Hitungan Bahana, BI mengintervensi pasar minimal sebesar USD250 juta per hari. Bila intervensi sebesar itu terus dilakukan sampai akhir bulan ini, nilai cadangan devisa April bisa turun lebih dari USD4 miliar.
“Bila intervensi berlanjut terus intervensinya sampai bulan depan, memperhitungkan utang luar negeri yang jatuh tempo serta kebutuhan dolar domestik yang juga tinggi dari pembayaran dividen dan impor migas, maka cadangan devisa bisa turun di kisaran USD4 miliar-USD6 miliar,” kata Satria kepada Bloomberg Technoz.
Posisi utang luar negeri jatuh tempo kurang dari setahun per akhir Februari 2024, mencapai USD69,75 miliar, lebih tinggi dibanding Februari tahun lalu yang masih di posisi USD68,09 miliar. Total ULN Indonesia juga naik pada Februari menjadi USD407,2 miliar.
Selain itu, kebijakan intervensi juga membuat likuiditas rupiah di pasar semakin ketat. Perbankan bisa terkena imbas.
Saat ini, suku bunga pasar uang antar bank (JIBOR) 1, 3 dan 6 bulan bergerak naik masing-masing ke 6,65 persen, 6,93 persen, dan 7,05 persen. Sedangkan bunga PUAB overnight melandai ke 5,88 persen dan JIBOR 1 minggu juga turun ke 6,26 persen.

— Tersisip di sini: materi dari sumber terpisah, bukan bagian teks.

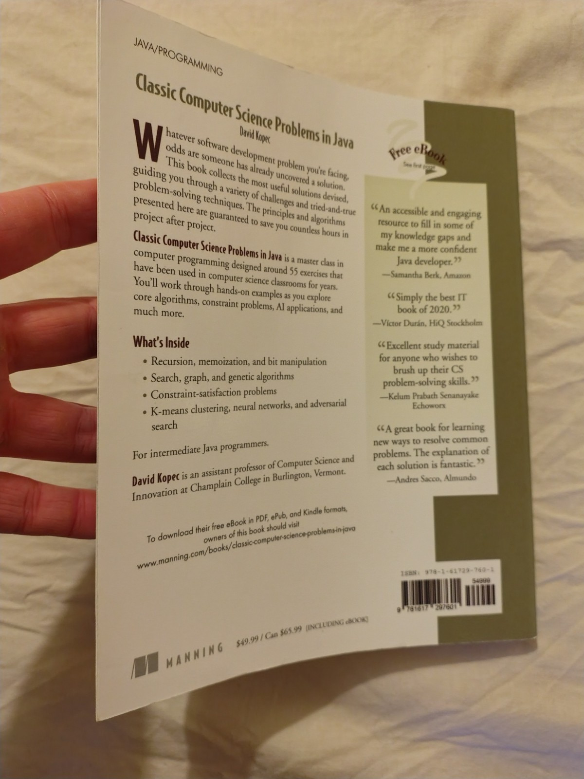 "Classic Computer Science Problems in Java" by David Kopec is a comprehensive textbook published by Manning Publications Co. LLC in 2021. Covering a range of classic computer science problems, this trade paperback book is written in English and spans 225 pages. With a focus on programming languages, specifically Java, this book is ideal for adult learners and university students looking to deepen their understanding of computer science concepts. The author's expertise and engaging writing make this a valuable resource for anyone interested in the computer science field.

“Lebih baik BI rate naik sekarang untuk menjaga stabilitas dan cadangan devisa, ketimbang intervensi agresif dengan cadev tapi akhirnya tetap menaikkan BI rate seperti yang terjadi pada Oktober lalu,” kata Satria.
Tahun lalu, BI secara mengejutkan menaikkan bunga pada Oktober ke 6 persen setelah menghabiskan cadangan devisa sekitar USD12 miliar.